We have only two rows in our table, so this operation is going to be very quick. But large tables with many rows may take some time to process, and you might not be ready to run that process at the same time that you are running the wizard. Remember that this process involves copying the data from the unencrypted table to a new, temporary table – encrypting the data on-the-fly – and then swapping out the old table for the new one. You don’t want to interrupt this process while it’s running, so the next wizard page gives you the option of running the process now, or saving a PowerShell script that you can run later, at a time that’s more convenient.

image26

We’ll allow the process to run right now, so I’ll click Next once more to reach the Summary page

image27

Here, a quick review shows that the wizard will create a new column master key (CMK) that will be used to encrypt a new column encryption key (CEK), and that the new CMK will be saved to the local machine certificate store. We can also see that the CEK will be used to encrypt the Name and SSN columns, with the Name column using randomized encryption, and the SSN column using deterministic encryption.

Finally, I’ll click Finish to let it run.

In the Certificates console, you can see that a new Always Encrypted certificate was created automatically. This is, in essence, our CMK. If I drill into the certificate details, you can see that the hashing algorithm used by the CMK is SHA256.

image28

Back in SSMS, let’s see how our table has been altered by the actions of the wizard. I’ll right-click the Customer table, and script it out to a new query window:

image29

The CustomerId and City columns look exactly as we defined them, but there’s some new syntax here on the Name and SSN columns. Their datatypes haven’t changed – they are still varchar strings – but the collation has been changed to binary, and ENCRYPTED WITH specifies the CEKs used to encrypt these columns, the encryption type (randomized or deterministic) the encryption algorithm itself.

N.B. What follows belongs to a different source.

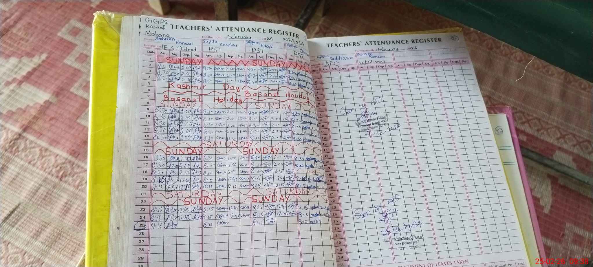 | Attendance Register | Head Teacher | MEA with School | Visit Proof |

Now let’s query the table, and, as you might have expected, we only see cipher-text for the Name and SSN columns, because they are encrypted.

image30

image31

Furthermore, we can’t run any queries against either of the encrypted columns.

image32

image33

Now let’s query the system catalog views to discover how our database is using Always Encrypted.

image34

image35

First, we see a master key reference, indicating that the CMK can be found in a certificate store via a local machine path. We also see a column encryption key reference, and the value of that CEK, which is encrypted by the CMK. Again, the unencrypted CEK – which is needed to encrypt and decrypt – is not contained anywhere in the database.

If we query on sys.columns joined with sys.column_encryption_keys, we can see the new metadata columns indicating that the Name and SSN columns are both protected by CEK_Auto1, and that Name is using randomized encryption, while SSN is using deterministic encryption:

image36

image37

Querying and Storing Encrypted Data

So how can we decrypt this data and read it?
Remember, it’s the client that does this, and the client will decrypt it for us if we just connect to the database using the special setting Column Encryption Setting=Enabled.
In this case, the client is SSMS, so just right-click in the query window and choose Connection > Change Connection. Then, under Additional Connection Parameters, plug in column encryption setting=enabled:

image38

This action, of course, resets our connection, so I’ll first switch from master back to our encrypted database, and then query the Customer table once more. And now – like magic – we see the data fully decrypted:

image39
image40

Here’s what’s going on. When we reconnected with the special column encryption setting, that initiated a conversation between the client (SSMS in this case) and SQL Server. SQL Server has passed the CEK (encrypted by the CMK) to the client, as well as the location of the CMK, which is our local certificate store in this case. SSMS has then gone ahead and retrieved the CMK from the certificate store, and used it to decrypt the CEK. At that point, SQL Server returned encrypted data as before, but this time the client (again, SSMS) used the CEK to decrypt the results.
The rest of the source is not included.